The report captures various characteristics of bank credit such as occupation/activity and organisational sector of the borrower, type of account, and interest rates. Data reported by 89 SCBs (excluding Regional Rural Banks) are presented for bank groups, population groups, and states.

Key Highlights

  • Bank credit growth (y-o-y) continued on its upward trajectory and stood at 14% in June 2022 as compared with 10.7% a quarter ago and 5.8% a year ago.
  • Personal loans segment continued to lead the credit expansion and recorded 20.8% growth (y-o-y) in June 2022.
  • Bank credit to industry gained momentum and its y-o-y growth increased to 7.2% in June 2022 from 4.8% a quarter ago; working capital and term loans have also moved to a double-digit growth trajectory.
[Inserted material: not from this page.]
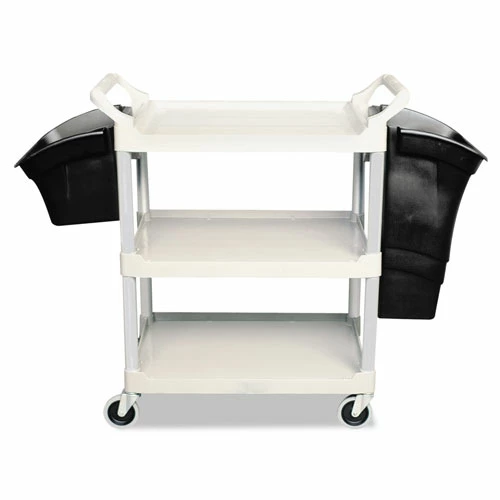 The Rubbermaid Commercial Xtra Utility Cart is ideal for providing table service or similar tasks. With shelves and an enclosed design, it is easy to create nice displays for customers. Each shelf has e a 100-lb. capacity, while 4-inch swivel casters make it easy to maneuver.

  • Share of individuals in total credit increased to 44.1% in June 2022 from 43.7% in the previous quarter; credit growth for female borrowers outpaced the growth in loans availed by male customers.
  • Private sector banks continued to record higher credit growth than public sector banks. The share of private sector banks in total credit has increased to 38.0% in June 2022 from 35.3% in June 2020 and 22.2% in June 2015; they accounted for 47.8% of the incremental credit during the last year (June 2022 over June 2021).
  • All the regions and population groups recorded double-digit credit growth (y-o-y) in June 2022.
  • After declining for ten successive quarters, the weighted average lending rate (WALR) on outstanding credit increased by 21 basis points (bps) during Q1:2022-23: the increase was significant for personal loans (31 bps) and finance (36 bps).